Ideally, Palbociclib would eliminate MCC cells without increasing PD-L1 and potentially suppressing immune responses. Therefore, Lee and colleagues shifted their focus to understanding how Palbociclib induced PD-L1 expression. They assessed the levels of several transcription factors involved in PD-L1 regulation, among which only one—hypoxia-inducible factor 2α (HIF-2α)—showed a neatly dose-dependent increase in response to Palbociclib treatment. This turned out to be more than a lucky coincidence, as the team had access to a new small molecule called TC-S7009, which is a potent and selective HIF-2α inhibitor. Gratifyingly, MCC cells treated with both Palbociclib and this HIF-2α inhibitor showed no increase in PD-L1. In addition to suppressing the induction of PD-L1, the team noted another interesting observation: the combination of Palbociclib and the HIF-2α inhibitor showed significantly more cell-killing potential than either drug alone! Why would Palbociclib turn on HIF-2α in the first place? Lee and colleagues rounded off their study with some evidence that Palbociclib treatment induced the production of damaging molecular agents called reactive oxygen species (ROS), which may lead cells to turn on HIF-2α as part of a stress response.
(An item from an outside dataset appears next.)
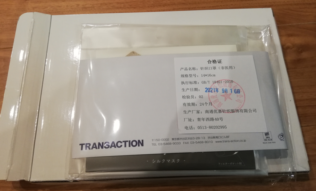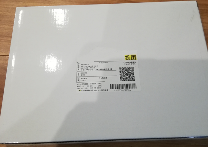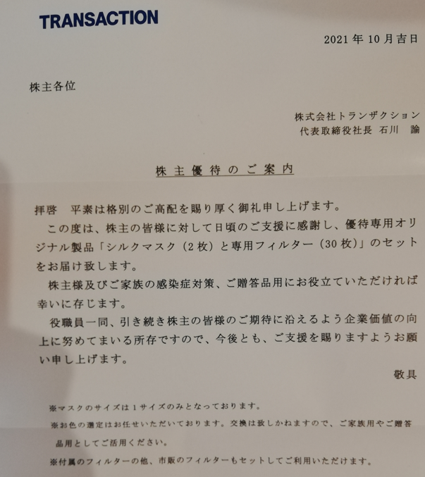2021年10月某日、『㈱トランザクション(証券コード:7818)』 から株主優待が届きました☆彡なんと、 5000円相当の自社製品(シルクマスク)!!

While preclinical, these findings from Lee and colleagues firmly establish the therapeutic potential of Palbociclib—which has shown efficacy in an expanding collection of tumor types—in treating MCC. Furthermore, the finding that concurrent HIF-2α inhibition prevents PD-L1 induction and increases Palbociclib-induced cell death in MCC models is a striking example of how distinct treatments working in tandem can address each other’s limitations and result in a more potent cancer therapy. As Lee notes, “In this research, we found that concurrent Palbociclib treatment and HIF-2α inhibition can lead to a form of cell death called ferroptosis, which is immunogenic and thus recognized by the immune system. This suggests the exciting possibility that HIF-2α inhibition can not only prevent PD-L1-mediated immune suppression by Palbociclib, but also enhance anti-tumor immune responses by inducing immunogenic cell death. Connecting the intricate concepts of cell cycle regulation, immune suppression by PD-L1, and cellular redox stress/ferroptosis was challenging, but we’re excited to follow up on these results and see if they can lead to better treatments for MCC.”
The spotlighted work was funded by the National Institutes of Health, the Elsa U. Pardee Foundation, the MCC patient gift fund, and the Preclinical Modeling Core Laboratory Shared Resource of the Fred Hutch/University of Washington Cancer Consortium.
Fred Hutch/University of Washington/Seattle Children’s Cancer Consortium members Drs. Aude Chapuis and Paul Nghiem and contributed to this study.
Lee, J. H., Lee, J. D., Paulson, K., Voillet, V., Berndt, A., Church, C., Lachance, K., Park, S. Y., Yamamoto, N. K., Cromwell, E. A., Gottardo, R., Chapuis, A. G., & Nghiem, P. (2024). Enhancing immunogenic responses through CDK4/6 and HIF2α inhibition in Merkel cell carcinoma. Heliyon, 10(1), e23521.